FDS. Sauf que les pays du nord ont déjà été gouvernés à gauche, les pays du sud à droite. Dire que culturellement, il y a un rapport si différent à la dette, me semble être un raccourci.

Il faudrait remettre toutes les compétences au niveau fédéral. Moi, je suis pour un état unitaire. Je tiens très fort à la Brabançonne, au drapeau…

Le nord contre le sud, la Flandre contre la Wallonie… Ces antagonismes semblent valider les théories de la philosophe belge post-marxiste Chantal Mouffe. Selon elle, pour réussir en politique, il faut construire une opposition bloc contre bloc, un récit de type « eux contre nous ». Ecolo a récemment défini son propre duel narratif : les barbares contre les écologistes. Le vôtre, François De Smet, consiste à opposer les progressistes aux nationalistes.
FDS. Chantal Mouffe a consacré sa thèse à Carl Schmitt, un penseur allemand par ailleurs pas tout à fait recommandable (car membre duparti nazi dans les années 1930), grand théoricien de la différenciation entre l’ami et l’ennemi en politique. Il disait en effet qu’il faut pouvoir se choisir un ennemi. Quand Georges-Louis construit une opposition tout à fait intéressante avec Elio Di Rupo à Mons, ça les valorise tous les deux. Se désigner un adversaire fera toujours partie de la narration politique, et quelque part c’est indispensable : comment voulez-vous proposer un projet, si vous ne pouvez pas montrer qu’il est différent des autres — tout en respectant les personnes ? Mais je crois qu’on doit se méfier des catégorisations morales. Le mot barbare utilisé par Ecolo, c’est too much, c’est à côté de la plaque. Et ça ne va pas dans le sens de la rationalisation que nous sommes au moins deux, je crois, à vouloir porter.

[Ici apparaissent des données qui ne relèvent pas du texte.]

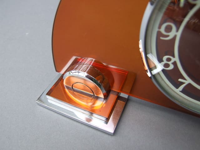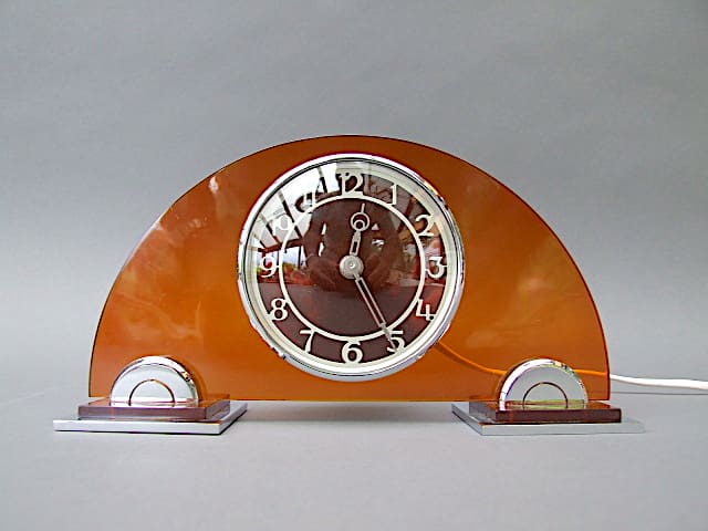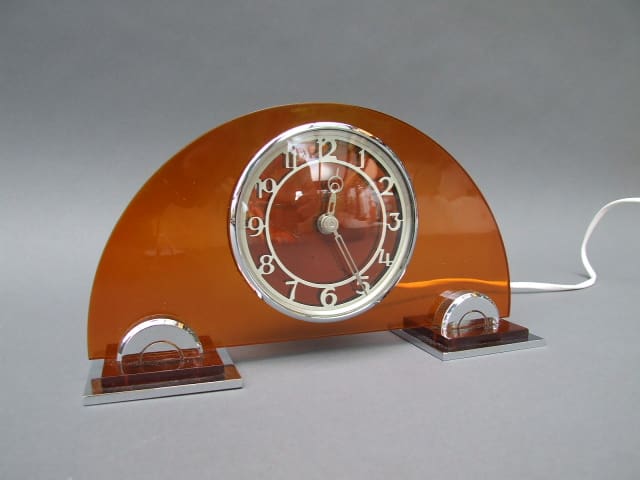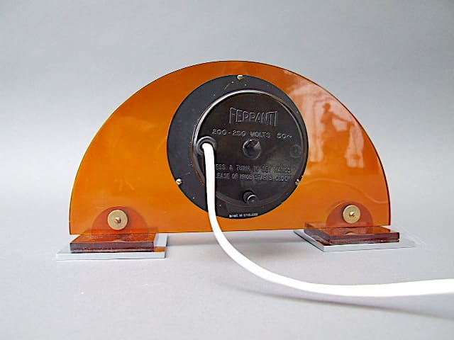 Amber lucite panel electric clock by Ferranti. Chrome face detail and semi circled feet.

Revenons à cette idée de frontière. On aurait de la « malchance » de vivre dans un pays où coexistent deux mentalités politiques différentes ?
GLB. Oui, mais je crois que la différence de mentalité se situe plutôt dans la classe politique, pas dans la population. Demain, en Wallonie, on peut proposer le programme socio-économique de la N-VA et atteindre 20 ou 30 % des voix. J’en suis totalement certain. Je ne dis pas que je veux prendre tout ce discours, parce qu’il y a des éléments qui ne me conviennent pas. Mais je pense qu’on peut gagner les élections en Wallonie en considérant qu’on doit s’attaquer aux déficits budgétaires beaucoup plus qu’on ne le fait aujourd’hui.

La plupart des Belges francophones veulent continuer à vivre en Belgique. Ils ne veulent appartenir ni à une République flamande, ni à une Bruxelles indépendante, ni à un État Wallonie-Bruxelles, ni à la France.